Table 1 Summary of the de novo assembly of transcriptome and genome and SSR loci calling
Fig. 1
figure 1

The distribution of the assembled contigs in different sizes. Chart A and B has showed the size distribution of the assemble EST and genomic contigs respectively. The line in blue indicated the appearance frequencies of the contigs in different size, and the red line showed the corresponding ratio in total length

SSR development, primer design and preliminary selection

SSR loci were called using the MISA program from the assembled transcriptomic and genomic contigs. The parameters were designed for identifying perfect di-, tri-, tetra-, penta-, and hexanucleotide motifs with a minimum of 8, 5, 4, 4, and 3 repeats, respectively. As showed in Table 1, among the de novo assembled contigs, 19,674 cDNA contigs out of 186,778 (10.5 %), and 89,983 genomic contigs out of 8,130,350 (1.1 %) contained at least one SSR locus. On average, there was one SSR locus in every 11.1 kb cDNA and 16.8 kb genomic DNA, respectively. Eventually, a total of 22,734 EST derived SSR loci and 97,170 genomic SSRs loci were detected. A total of 274 EST-SSR motifs and 455 genomic SSR motifs were identified. Of the EST-SSR motifs, there were 3 di-, 10 tri-, 24 tetra-, 38 penta and 199 hexa-nuleotide; and of the genomic SSR motifs, there were 3 di-, 10 tri-, 31 tetra-, 89 penta and 322 hexa-nuleotide. The Fig. 2 demonstrated the statistics in the SSR loci detected. Of the EST-SSR loci, trinucleotides accounted for 60 % and thus ranked the most abundant, followed by dinucleotides (21 %), hexanucleotides (11 %), tetranucleotides (5 %), and pentanucleotides (2 %) (Fig. 2). While for the detected genomic-SSR loci, 50 % were dinucleotide motifs, followed by 26 % trinucleotides, 14 % hexanucleotides, 7 % tetranucleotides and 3 % pentanucleotide (Fig. 2). The top ten most abundant nucleotide repeat types in the newly detected SSRs were presented in Fig. 3, with the most common EST-SSR motif being AAG/CTT and the most abundant genomic-SSR motif being AG/CT.

Fig. 2
figure 2

SSRs Statistics. The frequency distribution of the SSR motif was showed in the chart. The nucleotide repeat motif varied from di-nucleotide to hexa-nucleotide as showed by the X axis. The tri- and di-nucleotide were the most prevail in the EST and genomic SSR respectively

Fig. 3
figure 3

Distribution of top-10 motifs in EST-SSRs (a) and genomic SSRs (b). The most common EST-SSRs were trinucleotide motif AAG/CTT, whereas the predominant genomic SSRs were dinucleotide motif AG/CT. The X-axis represents the motif sequence, and the Y-axis represents the number of detected SSRs

Primer pairs with melting temperatures (Tm) within the range of 55 °C to 61 °C and with amplicons within a size range of 150 bp to 400 bp were designed from the flanking sequences of the SSR loci by using the Primer 3 program. Primers were then validated by in silico PCR against the crambe genome contigs per se. Those primer sets amplifying multiple target regions were discarded to ensure the specific locations of the primers. Finally, a total of 3,803 pairs of EST-SSR primers (Additional file 1) and 78,720 genomic-SSR primer pairs (Additional file 2) were obtained and the ratio between EST- and genomic-SSR primer pairs was around 1:20.

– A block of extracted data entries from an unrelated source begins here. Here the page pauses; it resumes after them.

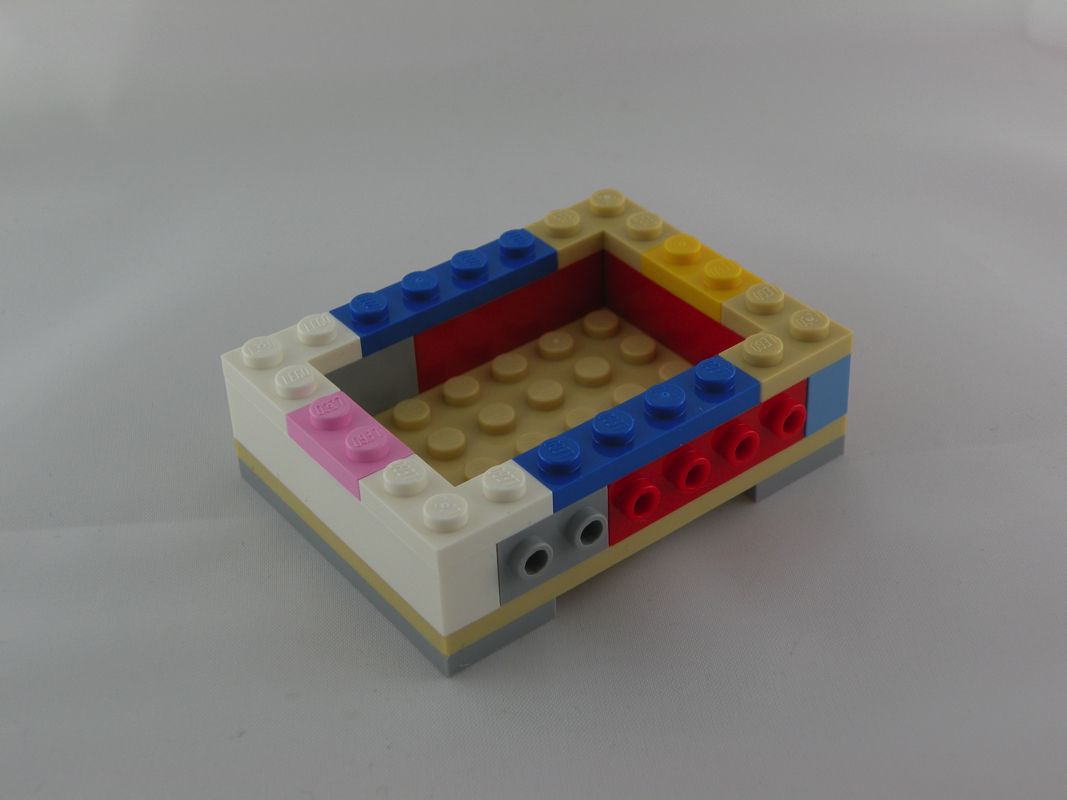 On commence par assembler le tronc, qui est commun aux trois animaux. Il sera ainsi assez aisé de passer de l’un à l’autre, la « conversion » ne prenant que quelques minutes. Un assemblage assez simple, sur une plate de 8×6 tenons, des tenons apparents sur les côtés afin de pouvoir assembler les flancs et l’arrière des animaux, et une pièce Technic qui elle accueillera la tête de ceux-ci. La tête des animaux est donc orientable.
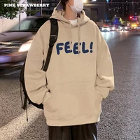 White Letter Print Hoodie Sweatshirt Men Autumn Winter 2025 New Oversize Plush Long sleeves Coat Pullover
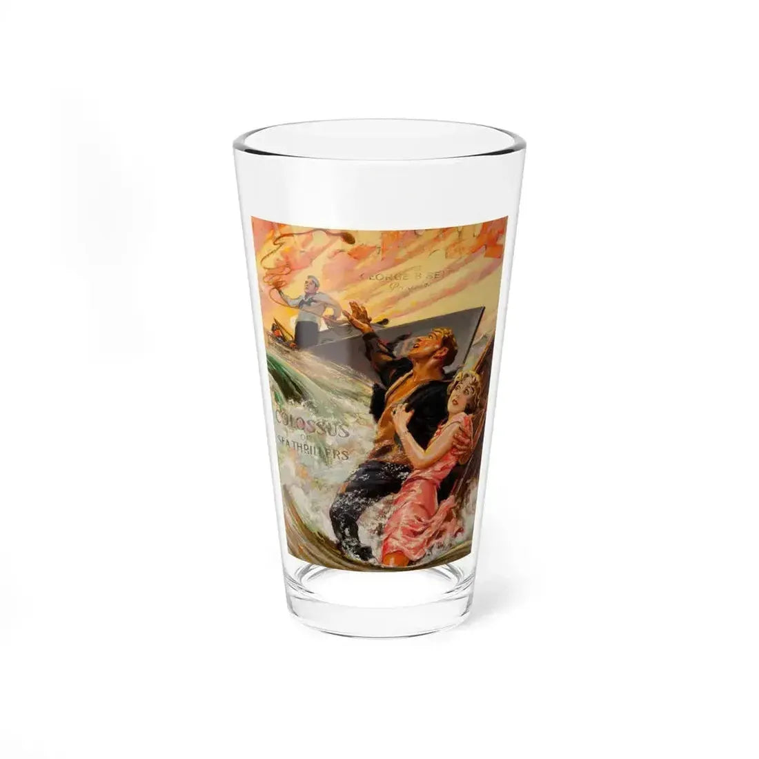 Whether you're a history buff captivated by the golden age of cinema or simply someone who loves collecting extraordinary items, this Blockade, Colossus of Sea Thrillers pint glass will become an intriguing addition to your collection. With its vivid details and timeless design, it is perfect for entertaining guests or simply enjoying a beverage in style.
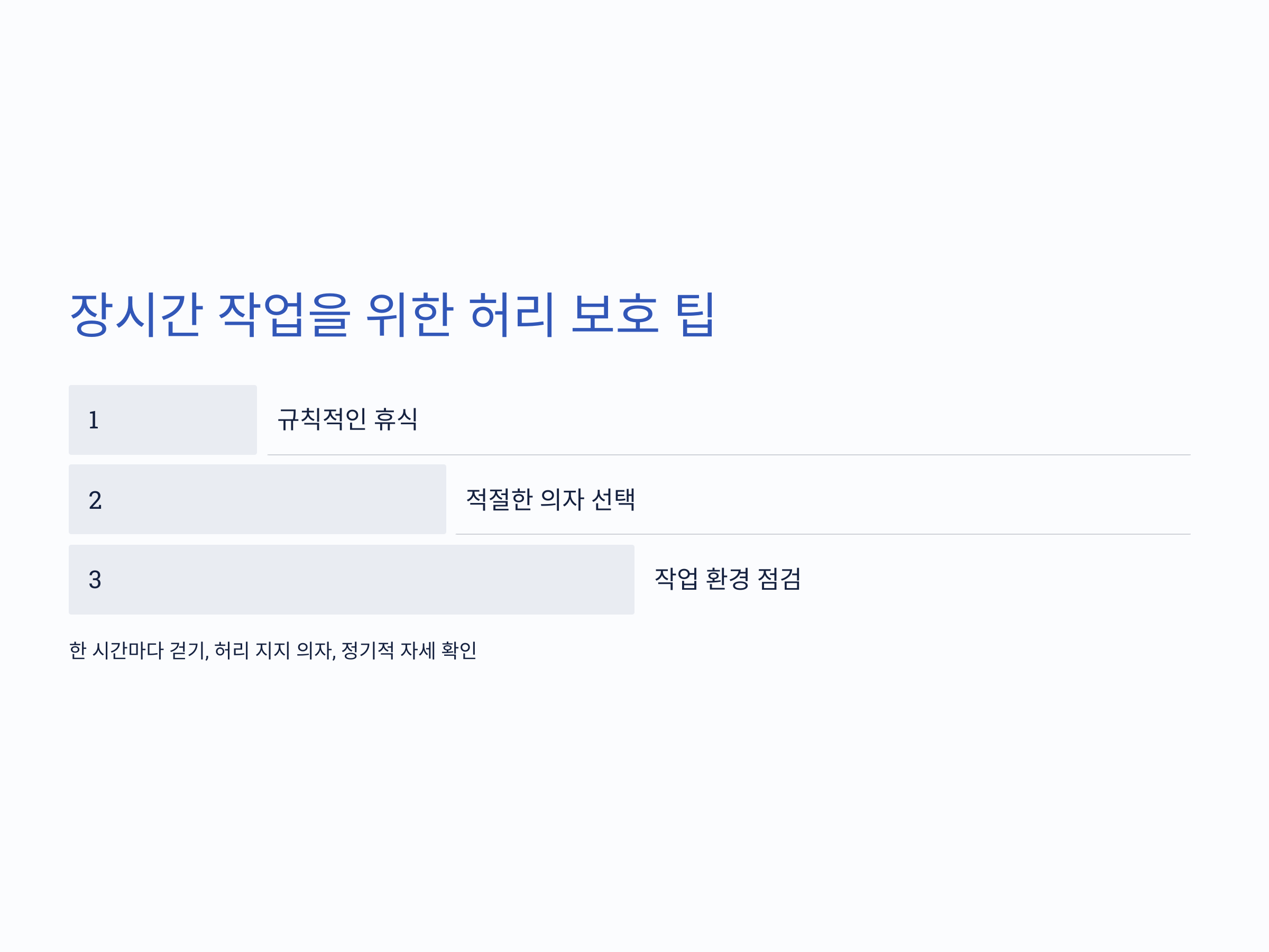 - 허리 지지대 사용: 요추 곡선을 자연스럽게 유지하도록 도움을 줍니다.
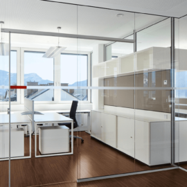 Так называются конструкции из стекла, обычно занимающие высоту от пола до потолка и служащие для разделения рабочего пространства. Из них можно организовать полноценные кабинеты для конкретных отделов, комнату для совещаний и пр., при этом не нужно делать дорогой и сложный ремонт.
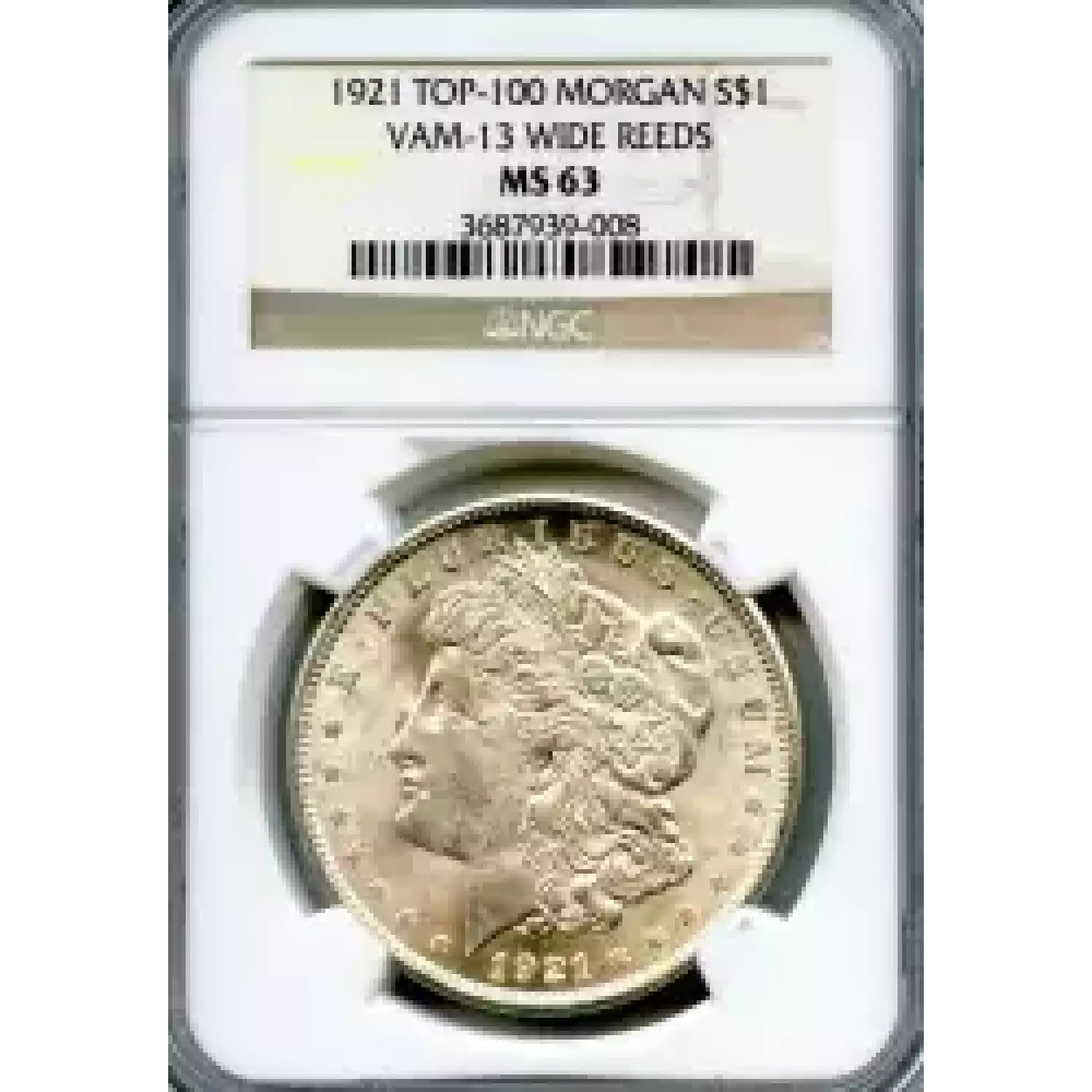 506854 | 1921-MS-63 Morgan Silver Dollar NGC MS-63 | NGC | MS-63 | Sold: 13/08/2014 | $175 |
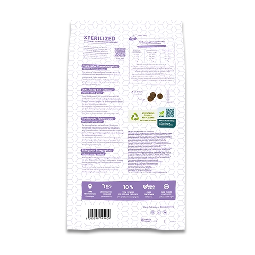Dry food for spayed and neutered cats at risk of post-operative weight gain. The food's primary goal is to provide low-calorie meals that satisfy hunger. Thanks to its high fiber content, convalescent cats feel full faster, automatically reducing the risk of overweight and obesity. The poultry and liver in BOSCH Sanabelle Sterilized provide sufficient protein, flaxseed promotes a healthy and shiny coat, and marigold flower produces lutein, which protects cells, aids digestion, and lowers blood sugar levels.
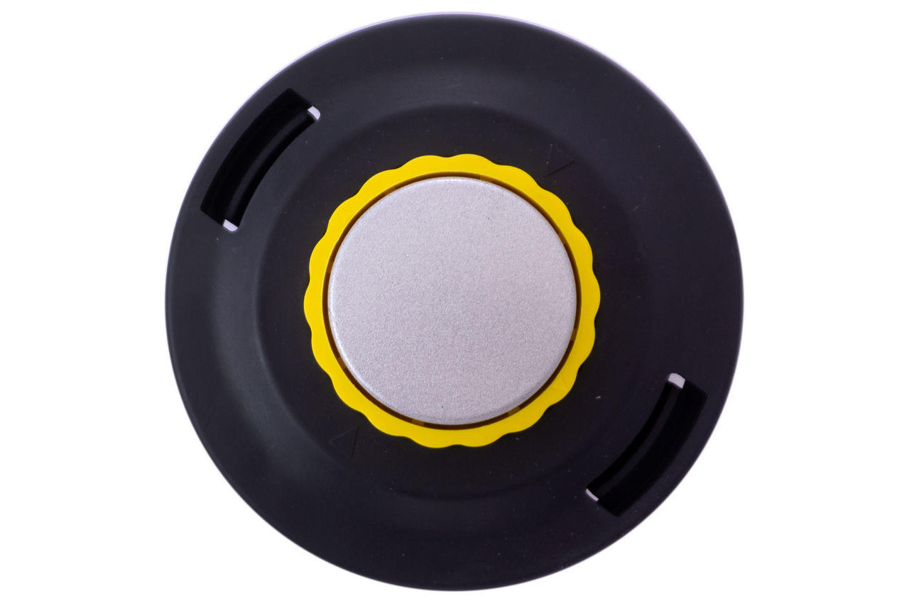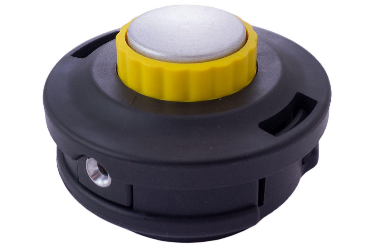 Катушка для триммера автоматическая. Для обновления лески ее не надо разбирать. Достаточно отрезать кусок нужной длины, продеть его через катушку, предварительно совместив отверстие для лески со стрелкой на триммерной головке. Далее совмещают два конца, чтобы выровнять их по длине, а затем наматывают леску, прокручивая головку. Плотность намотки равномерная, за этим следит несложный механизм.
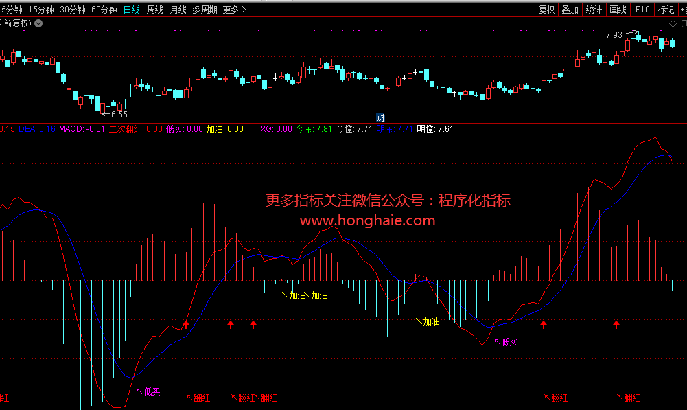 DRAWTEXT(CROSS(DIF,DEA) AND DIF<0,DEA-0.02,'↖低买'),COLORFF00FF;
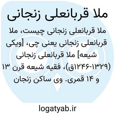 [ویکی شیعه] ملا قربانعلی زنجانی (۱۲۴۶-۱۳۲۹ق)، فقیه شیعه قرن ۱۳ و ۱۴ قمری. وی ساکن زنجان بود و حوزه علمیه زنجان را احیا کرد. ملاقربانعلی در زنجان مسند قضاوت داشت. او از مخالفان نهضت مشروطه بود و طرفدارانش مدتی کنترل زنجان را به دست گرفتند اما با غلبه مشروطه خواهان، به کاظمین تبعید شده و در همان جا درگذشت. او در منطقه زنجان به حجت الاسلام مشهور است.
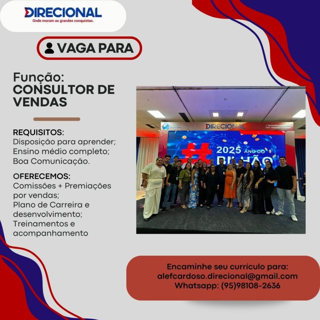 Empresa Direcional está selecionando Consultor de vendas;
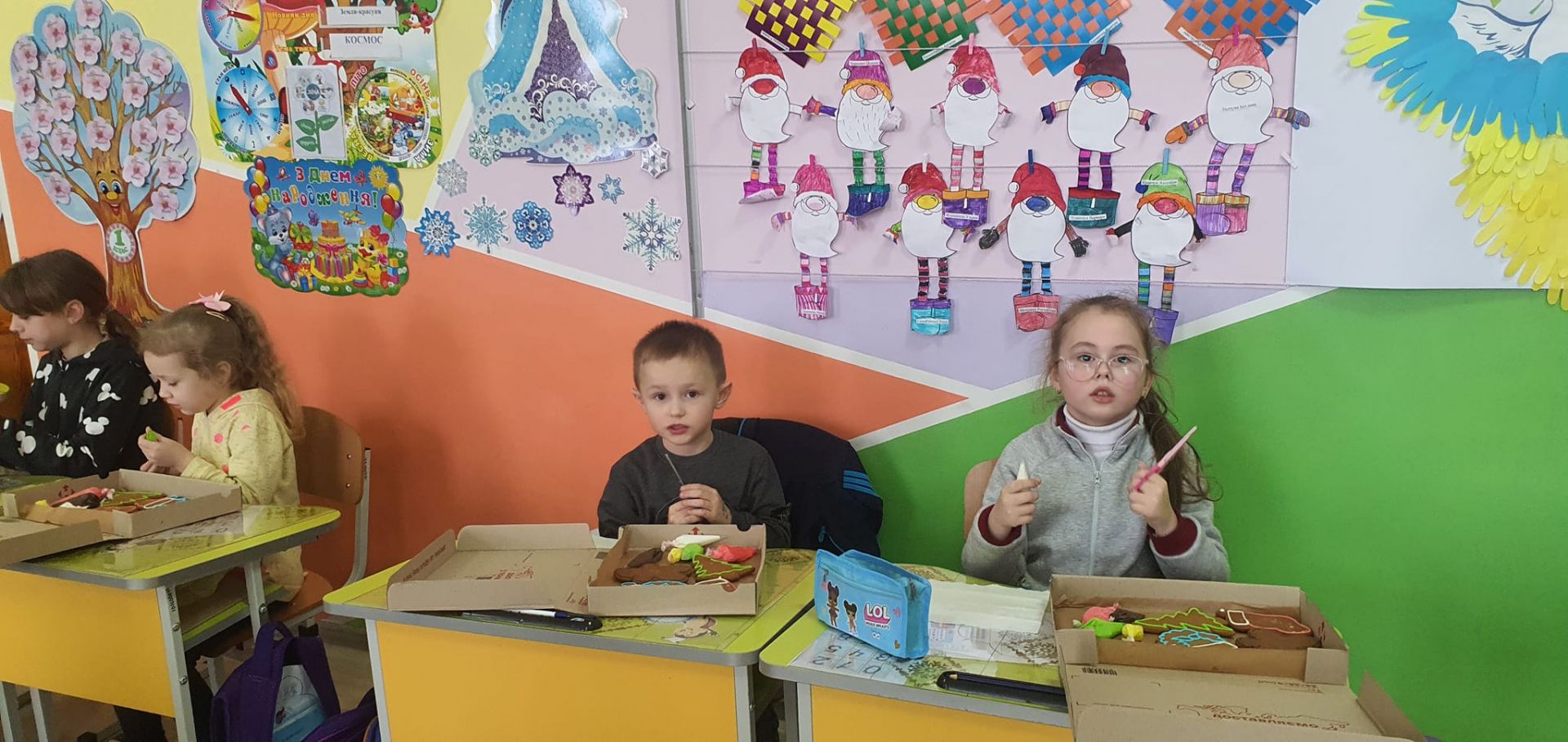 Козятинський ліцей №3 опублікував фото, як першокласники на День Святого Миколая розписували імбирне печиво.

Validating the primers with the whole-genome data of Brassicaeace crops

Brassica rapa, Brassica olecera, and Brassica napus belong to the same family Brassicaceace as crambe. To assess the intergeneric homology of the newly developed crambe SSRs across Brassicaceace, the EST- and genomic-SSR primers were tested by in silico PCR against the genome of B. rapa, B. oelcera and B. napus. The maximum number of mismatches at the 5′ end is three base pairs, with none allowed at the 3′ end. The primer pairs that amplified a single band between 200 bp and 500 bp were considered as the preferred molecular markers. Finally, 339 pairs of EST-SSR primers and 3,467 pairs of genomic-SSR primers were mapped onto B. rapa genome (Additional file 3), 305 and 3,114 on B. olarecea (Additional file 4), 174 and 1,888 on B. napus (Additional file 5). The overlapped primers among three genomes were showed in Fig. 4, where 22 EST-SSR primer pairs and 382 genomic-SSR primer pairs overlapped across all three genomes, suggesting the corresponding amplified loci are evolutionarily conserved in the family. According to the physical location, these primer pairs distributed at a frequency of one marker per 10 kb in Brassica rapa and Brassica olecera (Fig. 5).

Fig. 4
figure 4

The number of the primers mapped on genomes of Brassica species. In the chart the numbers of the new primer-pairs which were mapped on B. rapa, B. oleracea and B. napus were showed as well as the number of the overlapped primer-pairs

Fig. 5
figure 5

Distribution of C. abyssinica EST- and genomic-SSRs in the genomes of Brassica rapa, Brassica olarecea and Brassica napus. A total of 5,718 loci derived from EST- and genomic-SSR markers were mapped onto chromosomes of Brassica rapa, Brassica olarecea and Brassica napus, distributed at a rate of one marker per 10 kb

Evaluating the diversity of the C. abyssinica germplasm collections by using the newly developed SSR markers

A total of 166 primer pairs (Additional file 6) consisting of 13 EST-SSRs and 153 genomic-SSRs were selected and utilized in the PCR analysis of genomic DNA from 30 crambe accessions to validate the utility and reliability of these SSR markers in C. abyssinica germplasm identification (Table 2). In terms of geographic origins, the accessions can be classified into four groups: the Mediterranean group (accessions from Ethiopia, Spain, and Turkey), the Middle European group (accessions from Ukraine, Former Soviet Union, and Romania), the Western European group (accessions from German and Holland), and the USA group. Amplified products were analyzed by polyacrylamide gel electrophoresis.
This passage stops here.